[What you have to do]
All of the entries below should be printed exactly; the pictures are to be left out.

[Data to examine]

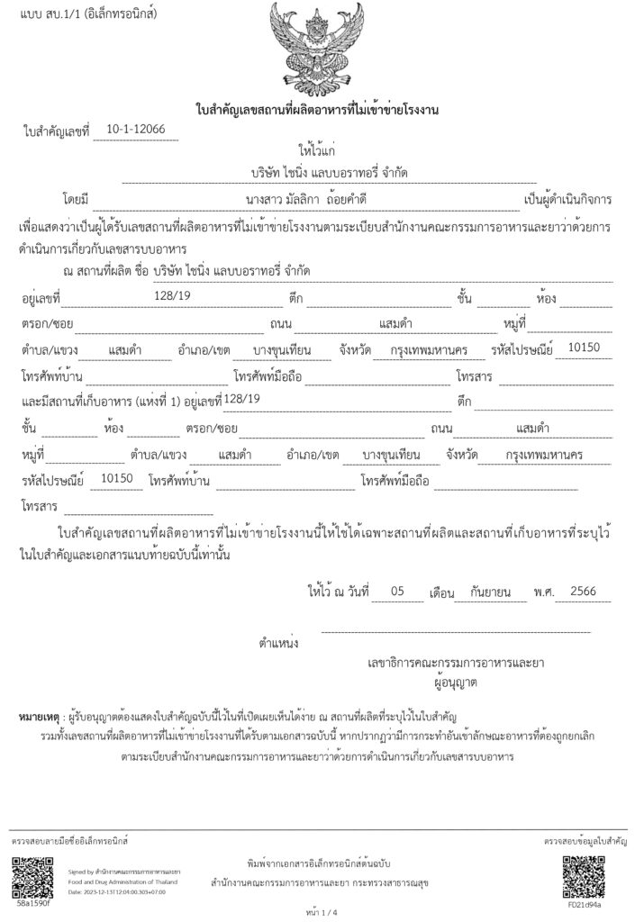 โรงงานได้รับการจดทะเบียนถูกต้องตามกฎหมายกับ
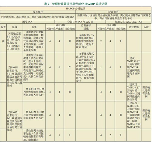焚燒爐裝置排污單元在下列Ⅳ級風險、Ⅲ級風險沒有核實整改完成之前運行存在較大風險。如表 2 所示,污泥濃縮池、離心脫水機、脫水污泥的儲存料倉和污泥輸送泵輸送節點中,存在 2個參與風險等級在Ⅲ級以上的問題:1)當 P-0111正常運行,P-0131 備用泵輸送含油污泥且出口誤倒至活性污泥三通線時,泵 P-0111 出口堵死導致泵憋壓損壞,可能造成人員傷亡,風險等級為Ⅲ;2)當 P-0121 正常運行,P-0131 備用泵輸送活性污泥且出口誤倒至含油污泥三通線時,泵 P-0121出口堵死導致泵憋壓損壞,可能造成人員傷亡,風險等級為Ⅲ。
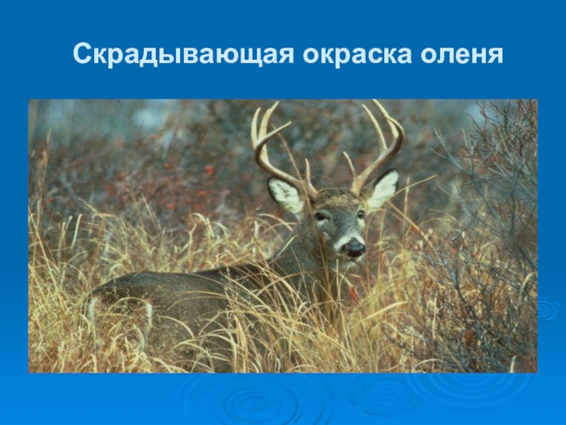 Слайд 33Скрадывающая окраска оленя
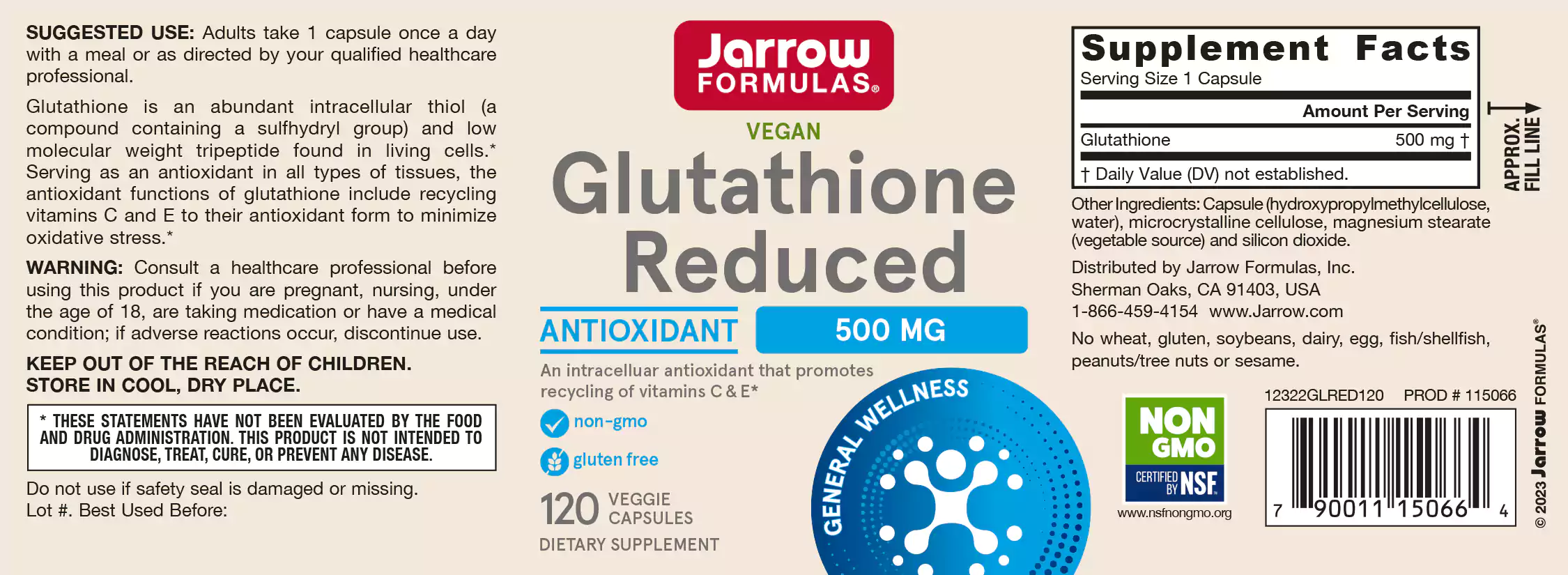 Jarrow Formulas Glutathione Reduced is an ubiquitous antioxidant involved in many cellular functions such as detoxification, amino acid transport, production of coenzymes and recycling of vitamins E and C.
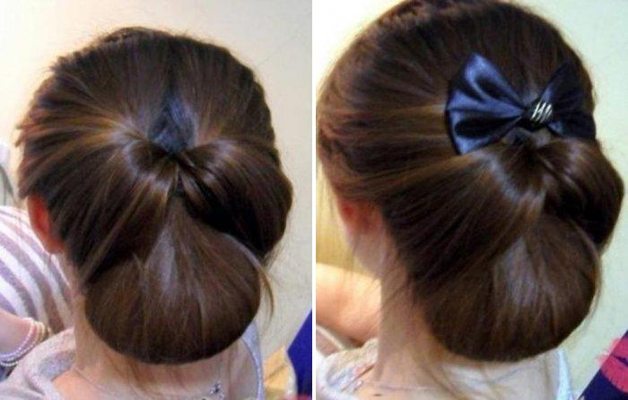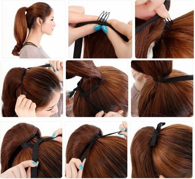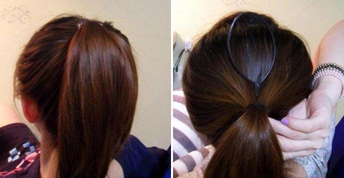 Этот способ подойдет девушкам с редкой шевелюрой. Главное, чтобы шиньон идеально сочетался с исходным цветом волос.
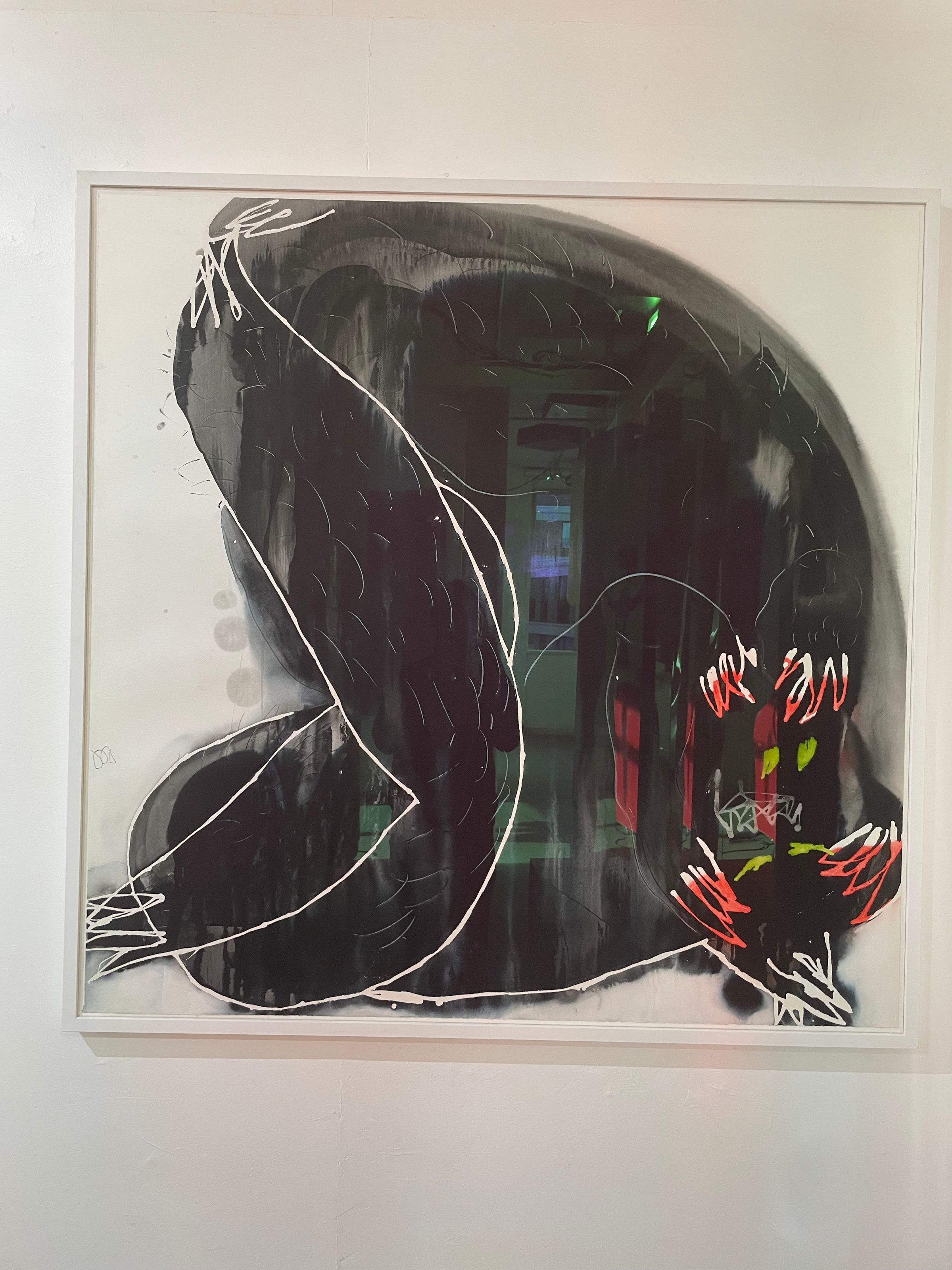 Paintings by Polina, one half of The Pomidor Group, are included in this show, hung on the back the walls of the space – abstract, darkly expressive they hint at beasts, hauntings, foreboding presence, devilish destruction.
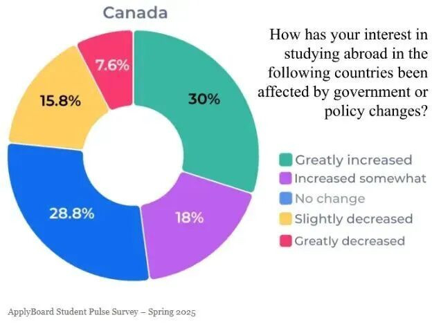 教育平台ApplyBoard发布了《2025春季国际学生意向调查报告》显示,94%的受访者对加拿大留学感兴趣,其中55%表示“极其感兴趣”;30%的受访者表示新政反而增强了他们的留学意愿。
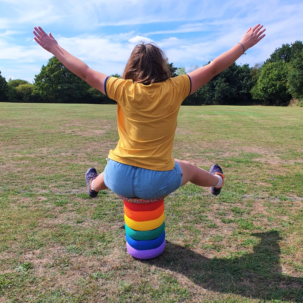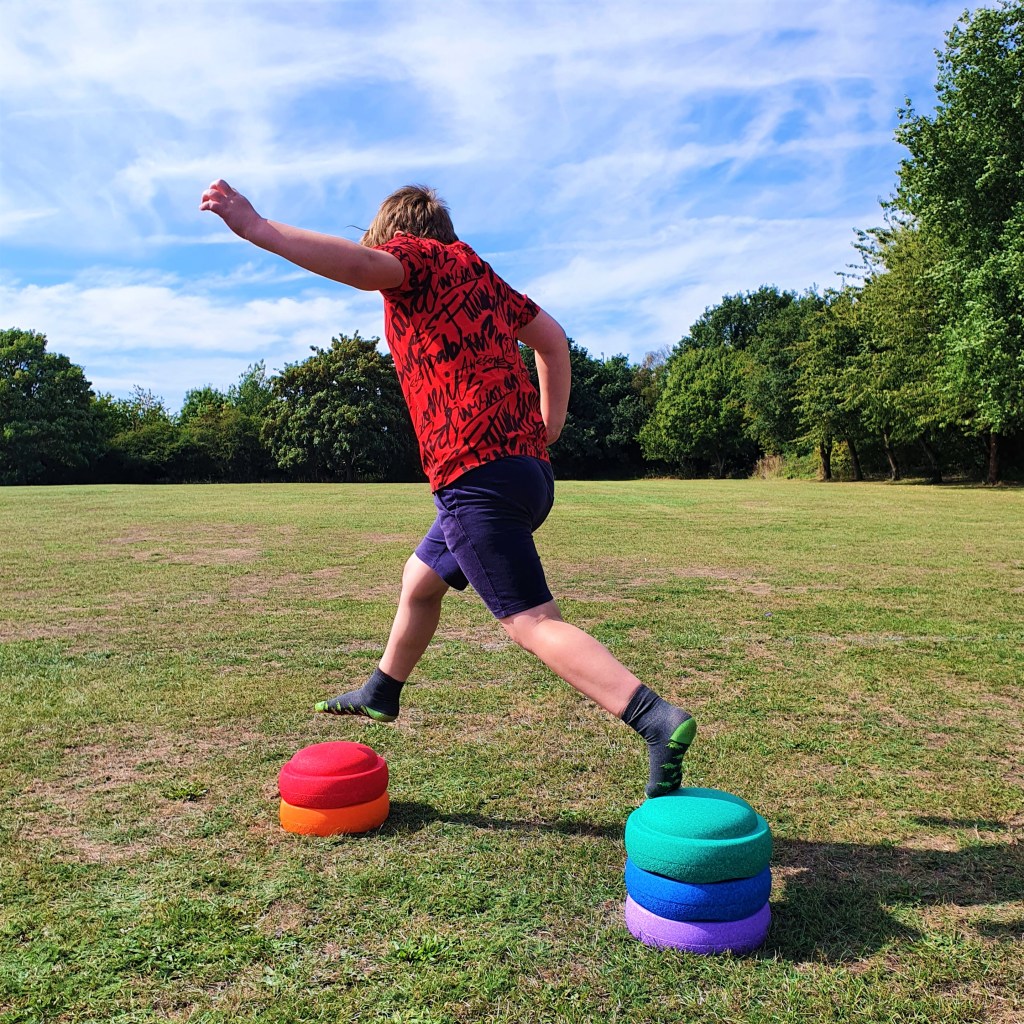 Our Stapelstein set is the “rainbow classic bundle stepping stones and board”, but there are bundles from 3 up to 9 pods, and you can even buy single pods and wobble boards to keep adding to your collection! (And UPDATE!!! Check out the new Stapelstein Inside sets for even more fun! Review here!) They really have been a huge hit with our kids and are much loved – I’m sure I’m going to get badgered for more!!! If you’ve got active, energetic kids, you’re definitely going to want to add some to your playspace! They’re absolutely fab!!!
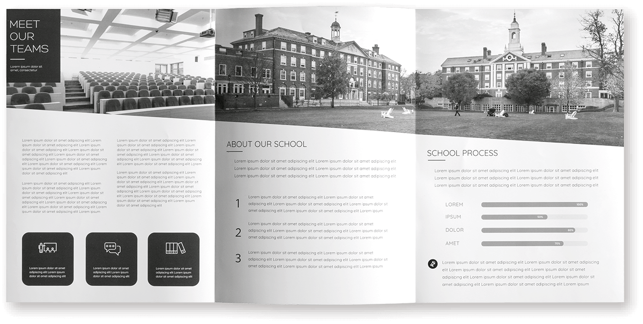 多彩なサイズの出力紙を二つ折り、外三つ折り、内三つ折り、単純四つ折り、観音四つ折り、Z折りすることが可能です。また、二つ折り、外三つ折り、内三つ折りは3枚まで重ね折り*することができます。ダイレクトメール作成時などの折り作業工程を自動で行なうことで、業務負荷低減に貢献します。
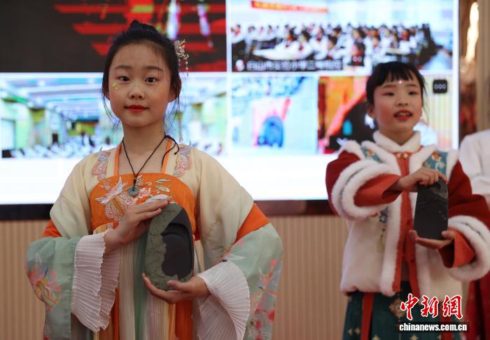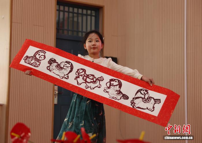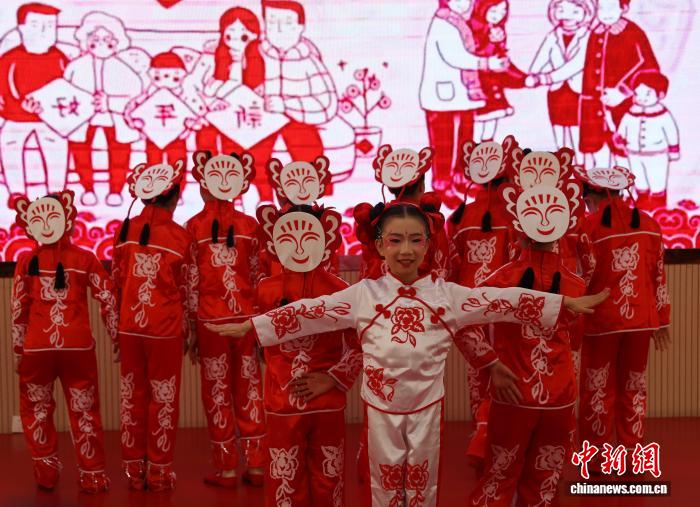 图为银川市金凤区第108小教教死为线上其余黉舍师死演出非遗跳舞《剪纸密斯》。中新社记者 于晶 摄

[/Data to examine]

[Written answer]
 โรงงานได้รับการจดทะเบียนถูกต้องตามกฎหมายกับ
焚燒爐裝置排污單元在下列Ⅳ級風險、Ⅲ級風險沒有核實整改完成之前運行存在較大風險。如表 2 所示,污泥濃縮池、離心脫水機、脫水污泥的儲存料倉和污泥輸送泵輸送節點中,存在 2個參與風險等級在Ⅲ級以上的問題:1)當 P-0111正常運行,P-0131 備用泵輸送含油污泥且出口誤倒至活性污泥三通線時,泵 P-0111 出口堵死導致泵憋壓損壞,可能造成人員傷亡,風險等級為Ⅲ;2)當 P-0121 正常運行,P-0131 備用泵輸送活性污泥且出口誤倒至含油污泥三通線時,泵 P-0121出口堵死導致泵憋壓損壞,可能造成人員傷亡,風險等級為Ⅲ。
 Слайд 33Скрадывающая окраска оленя
 Jarrow Formulas Glutathione Reduced is an ubiquitous antioxidant involved in many cellular functions such as detoxification, amino acid transport, production of coenzymes and recycling of vitamins E and C.
 Этот способ подойдет девушкам с редкой шевелюрой. Главное, чтобы шиньон идеально сочетался с исходным цветом волос.
 Paintings by Polina, one half of The Pomidor Group, are included in this show, hung on the back the walls of the space – abstract, darkly expressive they hint at beasts, hauntings, foreboding presence, devilish destruction.
 教育平台ApplyBoard发布了《2025春季国际学生意向调查报告》显示,94%的受访者对加拿大留学感兴趣,其中55%表示“极其感兴趣”;30%的受访者表示新政反而增强了他们的留学意愿。
 Our Stapelstein set is the “rainbow classic bundle stepping stones and board”, but there are bundles from 3 up to 9 pods, and you can even buy single pods and wobble boards to keep adding to your collection! (And UPDATE!!! Check out the new Stapelstein Inside sets for even more fun! Review here!) They really have been a huge hit with our kids and are much loved – I’m sure I’m going to get badgered for more!!! If you’ve got active, energetic kids, you’re definitely going to want to add some to your playspace! They’re absolutely fab!!!
 多彩なサイズの出力紙を二つ折り、外三つ折り、内三つ折り、単純四つ折り、観音四つ折り、Z折りすることが可能です。また、二つ折り、外三つ折り、内三つ折りは3枚まで重ね折り*することができます。ダイレクトメール作成時などの折り作業工程を自動で行なうことで、業務負荷低減に貢献します。
 图为银川市金凤区第108小教教死为线上其余黉舍师死演出非遗跳舞《剪纸密斯》。中新社记者 于晶 摄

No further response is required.